Admittedly, I tuned a lot of it out, and I often regret that I didn’t pay more attention.
But by the time I graduated, I knew that it was crucial to have a budget, and I understood interest rates well enough to know that I should never carry a balance on my credit cards.
Fortunately, my experience isn’t unique. More schools are starting to make financial literacy part of their curriculum.
According to the Council for Economic Education’s annual Survey of the States, 17 states in the US now require that students at public high schools take a personal finance class before they graduate. (Economics or civics courses that cover personal finance count.)
Less than 20 years ago, personal finance education was only mandatory in one state: Illinois.
“We can attribute part of that to the economic downturn,” says Susan Sharkey, senior director of the High School Financial Planning Program, an offshoot of the National Endowment for Financial Education (NEFE). She says that the nationwide increase in consumer debt and student loan debt is also a concern.
As a response to the growing demand for financial literacy education, NEFE developed a curriculum that it provides for free to schools. Teachers who want to introduce personal finance into the classroom but don’t know where to start receive workbooks, materials, and lesson plans. Other organisations, like the National Financial Educators Council and the Council for Financial Education, have done the same but charge for access to those resources. Sharkey estimates that NEFE reaches 12,000 instructors each year.
Some of the demand comes from students themselves. In Rhode Island, a group of high school students has been campaigning to make financial literacy a graduation requirement.
Charlotte Palmer, 17, told the Providence Journal, “No matter what you want to do in life, it all comes down to personal finances.”
But finding qualified teachers can be a challenge. Sharkey says that this is one of the main problems schools hoping to introduce personal finance into the curriculum face. “We see a lot of instructors who know it is important, but don’t feel confident enough to teach it.”
A study funded by the organisation found that 89% of teachers believe that personal finance should be a mandatory class, but only 20% believe that they could competently teach that class.
While that number might seem low, Sharkey points out that teaching financial literacy can be challenging. For instance, teenagers in low-income communities may have grown up with parents who are “unbanked,” meaning that they lack the minimum balance to have a checking or savings account. They are likely to have different needs from middle class students whose main concern is how to pay for college.
“One size does not fit at all,” she says. “You have to keep in mind a variety of different backgrounds.”

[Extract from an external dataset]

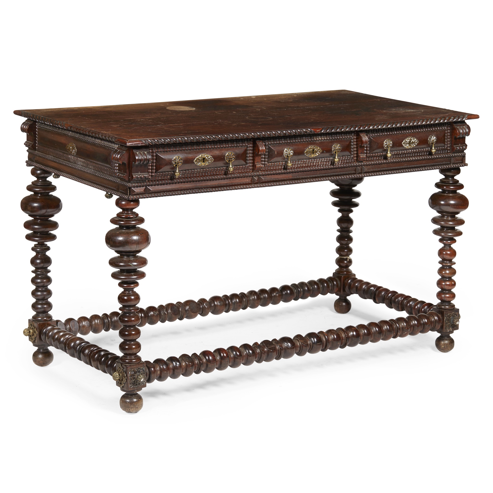 the rectangular top with a gadrooned edge above three cushion moulded frieze drawers, raised on bobbin turned legs joined by peripheral stretchers, on ball feet

Teachers also have to keep the material age-appropriate enough to hold a 17-year-old’s interest. “We can teach them about compound interest and investing, but might not go into details about retirement funds,” Sharkey says.
The curriculum that NEFE has designed is intended to be relevant to teenagers between the ages of 13 and 18, covering topics such as insurance, budgeting, credit cards, loans, earning potential, saving, and investing.

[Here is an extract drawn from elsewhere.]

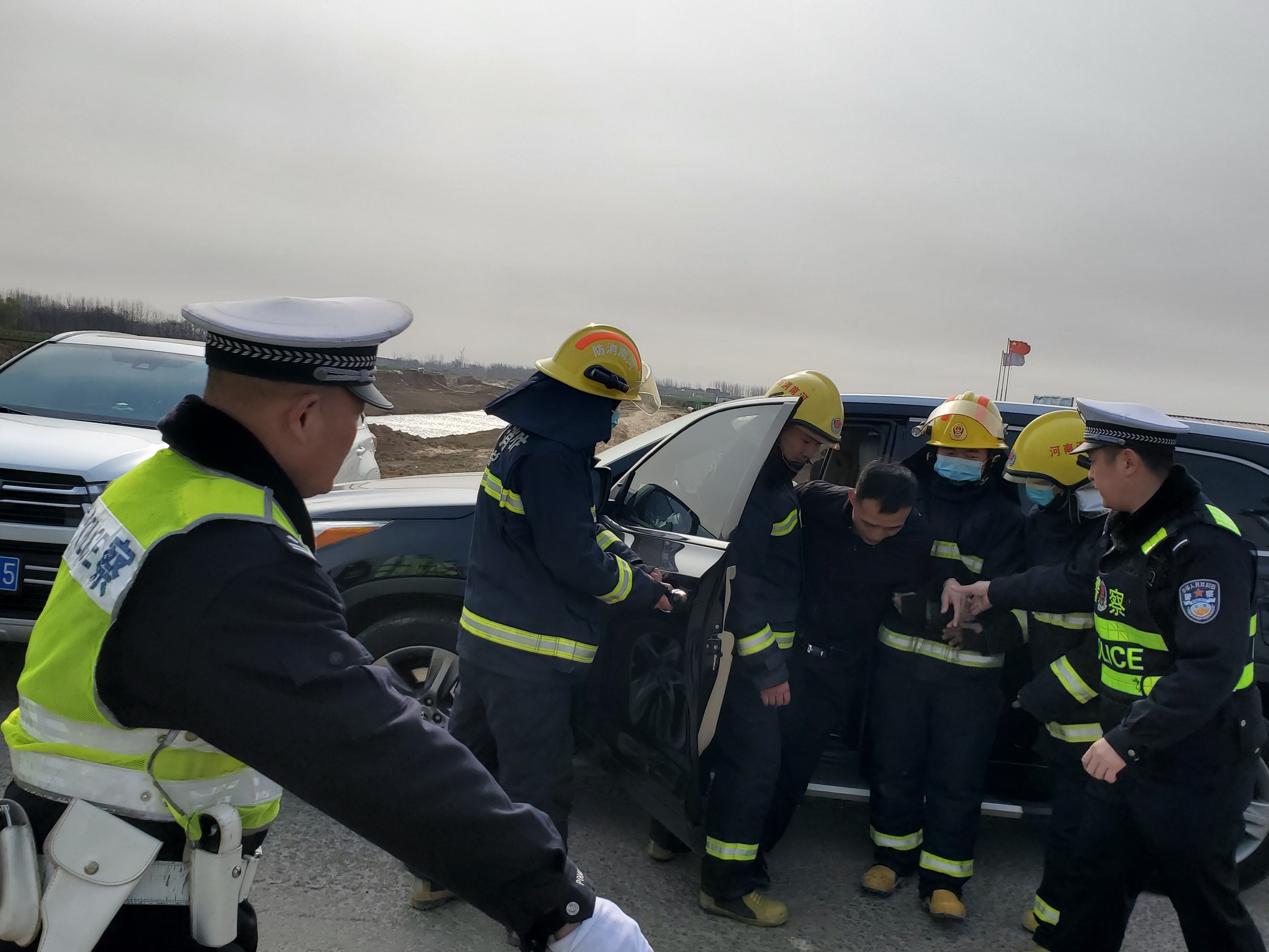 演練模擬2月23日10許,在G220國道河南安徽二省交界友誼橋處,二輛越野車在道路中心線處相撞,二輛車駕駛?cè)祟^部受傷流血,車門被卡,車輛起火冒煙道路嚴重擁堵、情況危急。接到報警后,交警部門立即向上級進行匯報,“四位一體”聯(lián)動工作機制隨即啟動,相關(guān)部門迅速趕往現(xiàn)場開展事故處置和救援工作。同時會同交警、屬地派出所,消防救援、醫(yī)療救護部門一起協(xié)助開展相關(guān)工作。隨后事故民警按照現(xiàn)場勘查要求,迅速對現(xiàn)場進行勘查、拍照,提取相關(guān)證據(jù),配合搶險、醫(yī)療施救各部門,并對現(xiàn)場遺留物品進行清理、登記并妥善保管??辈榻Y(jié)束后交警部門解除警戒區(qū),將車輛疏導、分流完畢后撤離現(xiàn)場。

How much of a difference can classes like these make? A study conducted for Discover found noticeable results. High school seniors who had taken a personal finance class were more likely to save money (93%, compared to 84% of students who hadn’t taken a class), have a budget (60%, compared to 46%), and invest (32%, compared to 17%).
And for most of them, unlike the finer points of chemistry or precalculus, it’s safe to say that this is knowledge they will be using for the rest of their lives.